North America's Premiere Amateur Radio News Magazine

Bouvet Island

HAM Radio Team Reaches World’s Most Remote Island

Last week, after a long and treacherous voyage, a team of amateur radio operators arrived on the world’s most remote island, Bouvet Island. Using the callsign 3Y0J, they are now transmitting a variety of signals, including Morse code, digital modes, and voice transmissions, in an effort to reach out to other amateur radio operators around the world. The expedition’s goals are simple: to contact as many amateur radio stations as possible from a remote location.

A dependent territory of Norway, Bouvet Island is an uninhabited subantarctic volcanic island located in the South Atlantic Ocean. It is the most remote island in the world, situated approximately 900 nautical miles south-southwest of the coast of South Africa and 1,400nm north of Queen Maud Land, Antarctica. The remoteness of this island makes radio signals originating from it very rare.

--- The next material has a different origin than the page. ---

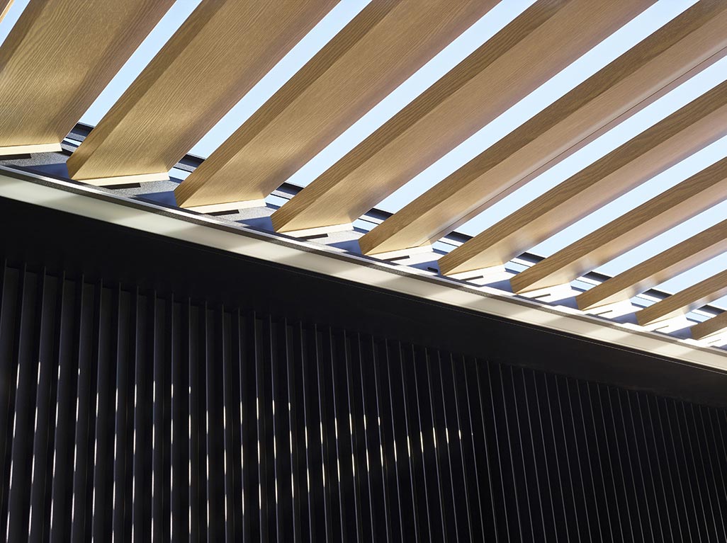 Design gevelbekleding, ook op het terras: Naast de aankleding van een woning, is Linarte ook op het terras op zijn plaats voor wie dezelfde strakke verticale belijning daar wil doortrekken. Onder een terrasoverkapping van Renson kan de design gevelbekleding perfect geïntegreerd worden in één of meer vaste wanden in de structuur met lamellendak.

The 3Y0J team worked hard for two years to raise the estimated $650,000 for their DXpedition. They received donations from individuals, corporations, and amateur radio organizations around the world. Additionally, the Northern California DX Foundation (NCDFX) awarded them a grant of $100,000 to charter the sailing yacht S/V Marama. The yacht was designed by Dominique Presles and constructed with aluminum by N2A shipyard in St Nazaire. It was inspected by Bureau Véritas. While sailing, some of the team members used their own callsigns and added /MM to them for HF-band activities.